Bien, nunca me dió problemas con instalaciones Gentoo anteriores pero ahora al compilar el núcleo con genkernel --menuconfig all me sale con este error ...

........................

  CC [M]  drivers/net/wireless/rtl818x/rtl8187/rfkill.o

  LD [M]  drivers/net/wireless/rtl818x/rtl8187/rtl8187.o

  CC [M]  drivers/net/wireless/zd1211rw/zd_chip.o

  CC [M]  drivers/scsi/lpfc/lpfc_scsi.o

  CC [M]  drivers/net/wireless/zd1211rw/zd_mac.o

cc1: warnings being treated as errors

drivers/scsi/lpfc/lpfc_scsi.c: In function 'lpfc_bg_setup_bpl':

drivers/scsi/lpfc/lpfc_scsi.c:1900:11: error: unused variable 'rc'

drivers/scsi/lpfc/lpfc_scsi.c: In function 'lpfc_bg_setup_bpl_prot':

drivers/scsi/lpfc/lpfc_scsi.c:2037:11: error: unused variable 'rc'

drivers/scsi/lpfc/lpfc_scsi.c: In function 'lpfc_bg_setup_sgl':

drivers/scsi/lpfc/lpfc_scsi.c:2256:11: error: unused variable 'rc'

drivers/scsi/lpfc/lpfc_scsi.c: In function 'lpfc_bg_setup_sgl_prot':

drivers/scsi/lpfc/lpfc_scsi.c:2386:11: error: unused variable 'rc'

make[3]: *** [drivers/scsi/lpfc/lpfc_scsi.o] Error 1

make[2]: *** [drivers/scsi/lpfc] Error 2

make[1]: *** [drivers/scsi] Error 2

make[1]: *** Waiting for unfinished jobs....

  CC [M]  drivers/net/wireless/zd1211rw/zd_rf_al2230.o

  CC [M]  drivers/net/wireless/zd1211rw/zd_rf_rf2959.o

  CC [M]  drivers/net/wireless/zd1211rw/zd_rf_al7230b.o

  CC [M]  drivers/net/wireless/zd1211rw/zd_rf_uw2453.o

  CC [M]  drivers/net/wireless/zd1211rw/zd_rf.o

  CC [M]  drivers/net/wireless/zd1211rw/zd_usb.o

  LD [M]  drivers/net/wireless/zd1211rw/zd1211rw.o

make: *** [drivers] Error 2

* Gentoo Linux Genkernel; Version 3.4.24_p2[0m

* Running with options: --menuconfig all

* ERROR: Failed to compile the "modules" target...

* -- Grepping log... --

* -- End log... --

* Please consult /var/log/genkernel.log for more information and any

* errors that were reported above.

* Report any genkernel bugs to bugs.gentoo.org and

* assign your bug to genkernel@gentoo.org.
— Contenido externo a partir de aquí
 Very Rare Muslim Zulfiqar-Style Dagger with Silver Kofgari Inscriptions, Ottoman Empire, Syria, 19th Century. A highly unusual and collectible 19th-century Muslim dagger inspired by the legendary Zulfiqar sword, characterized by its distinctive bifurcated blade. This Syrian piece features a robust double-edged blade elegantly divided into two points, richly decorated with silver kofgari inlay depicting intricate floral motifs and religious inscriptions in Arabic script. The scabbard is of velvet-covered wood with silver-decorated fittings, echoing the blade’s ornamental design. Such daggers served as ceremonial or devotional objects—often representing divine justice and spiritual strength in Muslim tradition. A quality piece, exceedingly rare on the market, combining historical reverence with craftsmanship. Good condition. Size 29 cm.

Please include

* as much information as you can in your bug report; attaching

* /var/log/genkernel.log so that your issue can be dealt with effectively.

* 

* Please do *not* report compilation failures as genkernel bugs!

* 

He intentado deshabilitar todo lo relacionado con Wireless puesto que la máquina no incorpora ningún dispositivo parecido, tan solo dos tarjetas Ethernet Intel 82574, sin lograr que compile nada y de verdad que lo he intentado múltiples veces con otras tantas probabilidades negativas todas con el mismo resultado.

¿Qué es lo que hago mal, o dicho de otra forma, qué se me pasa por alto?
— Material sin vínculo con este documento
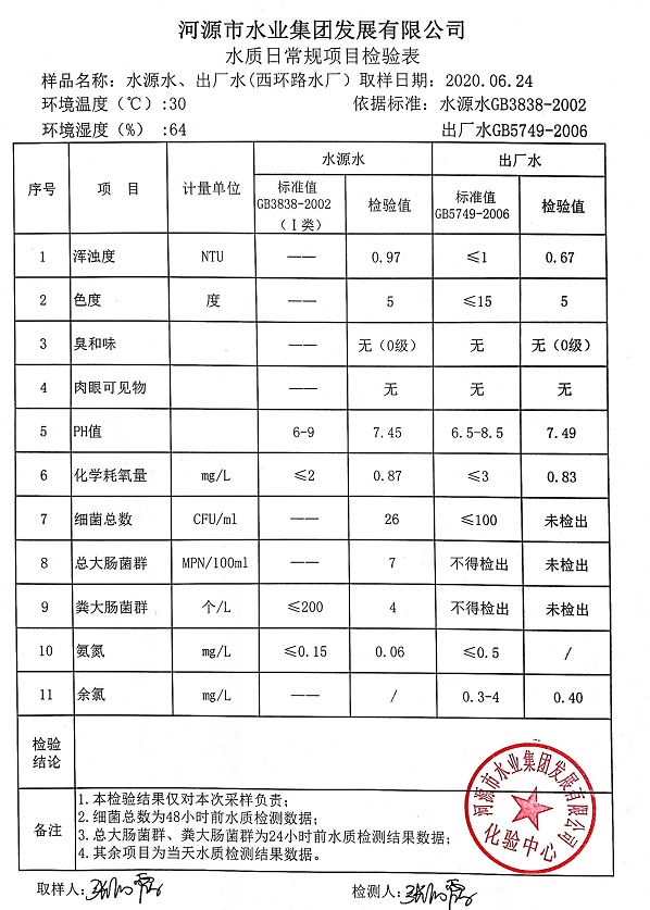 2020年6月24日水質(zhì)檢驗(yàn)報(bào)告
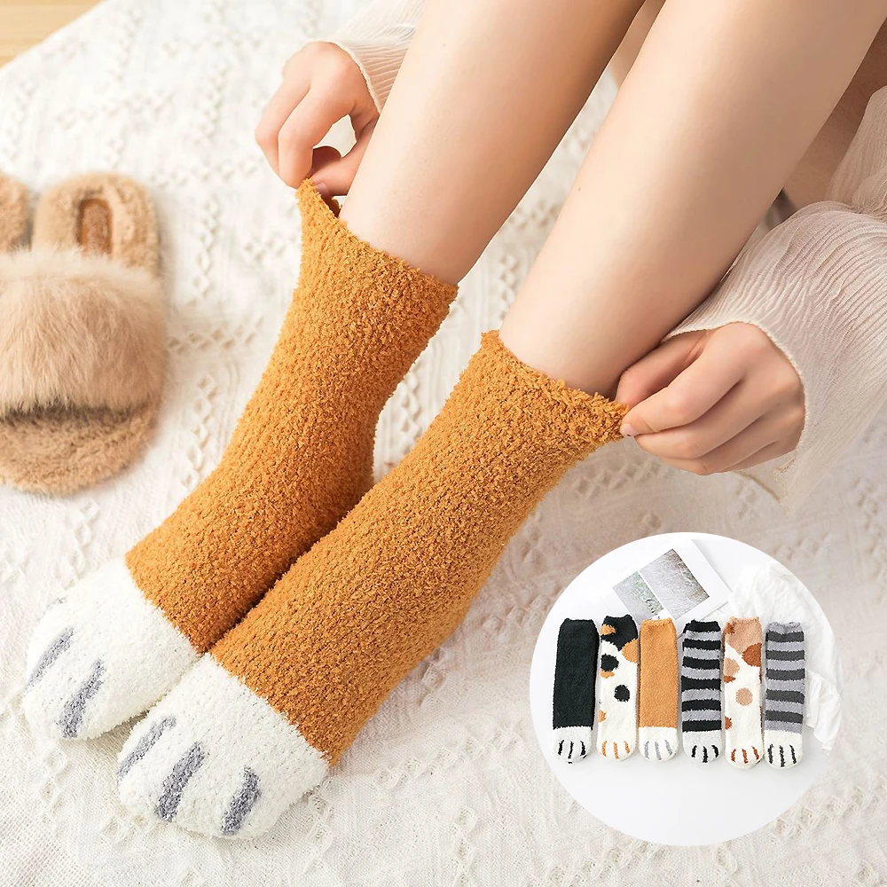 1 пара плюшевых коралловых флисовых носков, женские носки-трубы, осень и зима, милые плотные теплые носки с кошачьими когтями для сна 3
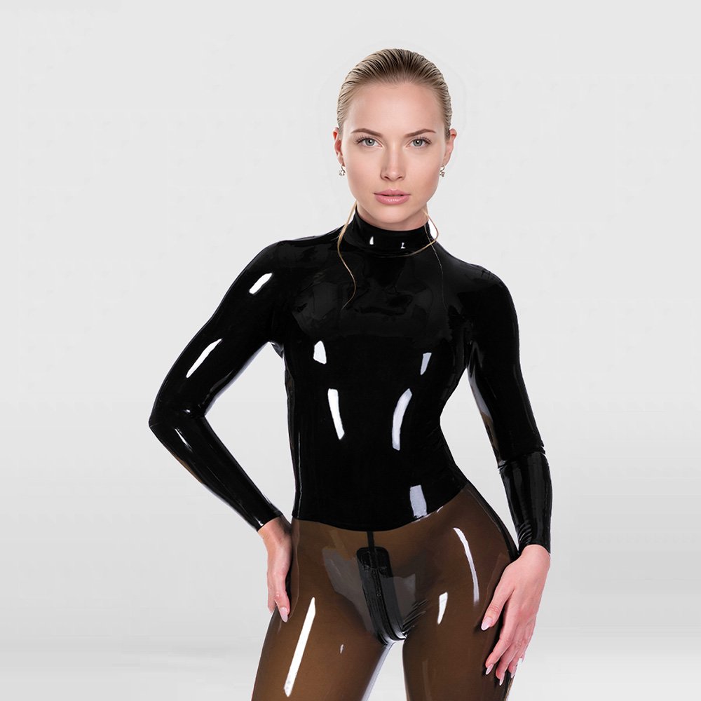 Women’s Solid-Color Latex Top – Slim Fit with Front Zipper
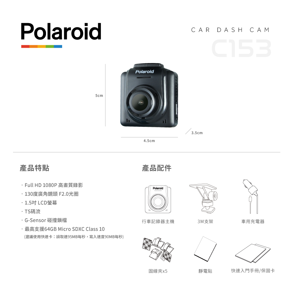 Polaroid 寶麗萊 C153 汽車行車記錄器(單前鏡頭)

Gracias por vuestras respuestas ...  :Sad: 

----------

## gringo

https://forums.gentoo.org/viewtopic-t-935926.html

resumiendo : o usas un kernel mas actualizado o simplemente entra en el menú del kernel y desactivas esa opción.

saluetes

----------

## Luciernaga

Muchas gracias gringo, por la ayuda ...

Realmente encontrar el problema a cuatro niveles por debajo de la principal del núcleo es de gurús, en mi caso ni en sueños lo hubiera encontrado.

/

-> Device Drivers

-> SCSI device support

-> SCSI low-level drivers (SCSI_LOWLEVEL [=y]

-> Emulex LigthPulse Fibre Channel Support

De todas formas debo entonar un mea culpa por estar un poquillo desconectado de los acontecimientos del foro, un poco por menguar la salud, otro poco por andar buscando cosas novedosas, y al final uno no puede estar en todo que los años no perdonan ...

Un cordial saludo  :Smile: 

----------